Combating Misinformation


It is hard to believe we are already past the midpoint of a legislative session unlike any other. Working within the constraints of COVID — yet trying to effectively pass meaningful legislation not only reactive to the pandemic but proactive to the future of Maryland all while working in a hybrid system — means that we have to be intentional and strategic.

There are advantages such as advanced notice of testimony so that we can address concerns and amendment requests in the hearings, and access to hearings from anywhere, without the need for transportation or child care. Constituents wishing to testify on a bill need not spend hours in Annapolis but can log into the website or onto a Zoom. However, as we have so clearly seen throughout the pandemic, technology also brings with it disadvantages for those dealing with a digital divide, lack of technological access or proficiency. Where in years past, those struggling to upload testimony could swing by our office or email our team, many staffers are also working remotely so we are having to find new ways of doing business.

One of the biggest challenges to the session comes in the form of misinformation, something that we are having to combat and reconcile at the local, state and national levels. Anyone who has asked me about my experience in the legislature has heard me say, “Public service is gratifying, and politics is gross.” I have never had to explain that statement. There are times it feels as though the name of the game is “He who is the most inflammatory and misleading wins.”

As an educator and a playwright, this poses a huge challenge because I love to inform, to engage, to help draw the through line for folks struggling to see the cause and effect of policy decisions, to have meaningful debate through an equity lens, but like any kind of foundational work, that takes time and opportunity; an opportunity that is thwarted when the loudest voice is the only one heard.

In years past, I wrote about the legislative process; the difference between first, second and third reader; the committee and subcommittee processes; how to advocate for a bill — things that were not covered in great detail by either our civics classes or Saturday morning cartoons – though “I’m Just a Bill” still holds up pretty well.

We saw that kind of damaging misinformation weaponized regarding the digital ad tax, where countless dollars were spent on ads on television and social media to convince Marylanders that this wasn’t a tax on corporations making over $100 million; the self-same corporations launched the ads and recently filed a federal lawsuit. A lawsuit not designed in any way to protect working families or small brick and mortar businesses.

A more insidious and alarming version of this is manifesting as we work on policies that impact marginalized people - prejudicial rhetoric, false equivalence, “othering” and additional dehumanizing tactics. When we’re in person, we can respond quickly to these attacks and set the record straight, but with remote access, controlled media, tightly timed floor debates, and time and testimony limits on bill hearings, the challenge falls to our constituents to vet and interpret the information as it comes.

I have said since day one that as elected officials, we have a greater responsibility to choose our words carefully, to speak precisely and to legislate transparently. Our words have weight, and that weight is being tested in this moment as we rely on each other to speak to and consider thoughtfully what we want for our communities, and how our elected officials speak of the work they do and the people they represent.

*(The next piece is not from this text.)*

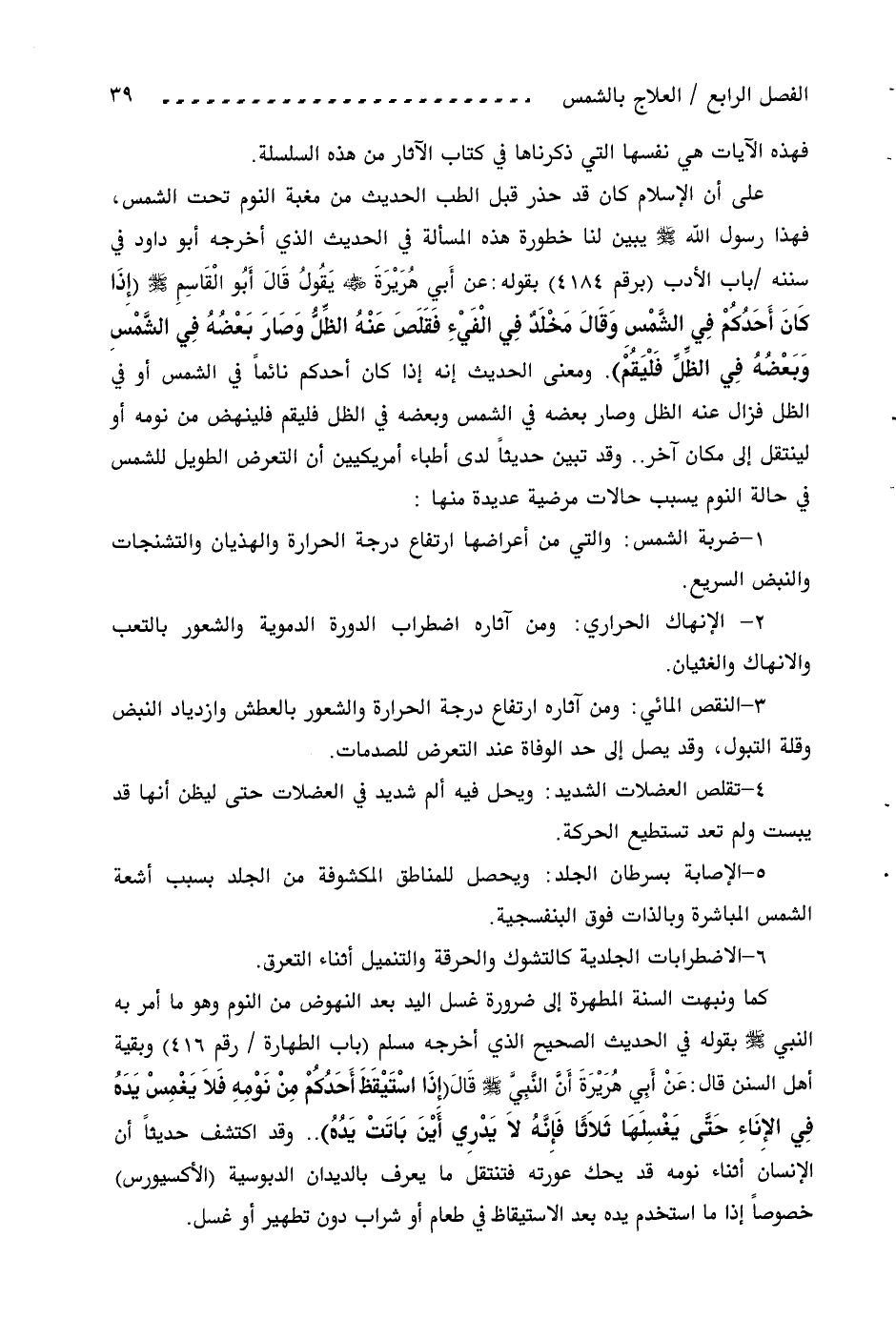 على أن الإسلام كان قد حذر قبل الطب الحديث من مغبة النوم تحت الشمس، فهذا رسول اللّه صلى اللّه عليه وسلم يبين لنا خطورة هذه المسألة في الحديث الذي أخرجه أبو داود في سننه/ باب الأدب (برقم 4184) بقوله: عن أبي هريرة رضي اللّه عنه يقول قال أبو القاسم صلى اللّه عليه وسلم (إذا كان أحدكم في الشّمس وقال مخلد في الفيء فقلص عنه الظّلّ وصار بعضه في الشّمس وبعضه في الظّلّ فليقم). ومعنى الحديث إنه إذا كان أحدكم نائما في الشمس أو في الظل فزال عنه الظل وصار بعضه في الشمس وبعضه في الظل فليقم فلينهض من نومه أو لينتقل إلى مكان آخر .. وقد تبين حديثا لدى أطباء أمريكيين أن التعرض الطويل للشمس في حالة النوم يسبب حالات مرضية عديدة منها:

I have been grateful not only for the willingness of this community to engage with me in these complicated, uncomfortable, necessary conversations calling out injustice, but also that when something seems amiss, I get a call or an email to address that concern or bring a different perspective for consideration. That is a form of “calling in.” It’s harder, it’s more intentional, it’s foundational, and it is one of the most effective tools for change. This is a community which, by and large, does not simply accept rhetoric as fact, and for that, the community should be commended.

I know we are all tired and we want to be past the pandemic. We are not made for this level of sustained grief, however, I’m asking that we continue to have patience with each other and take the extra time to question, call out systemic racism and false information, but “call in” each other, because that is how we grow together and build a better Maryland.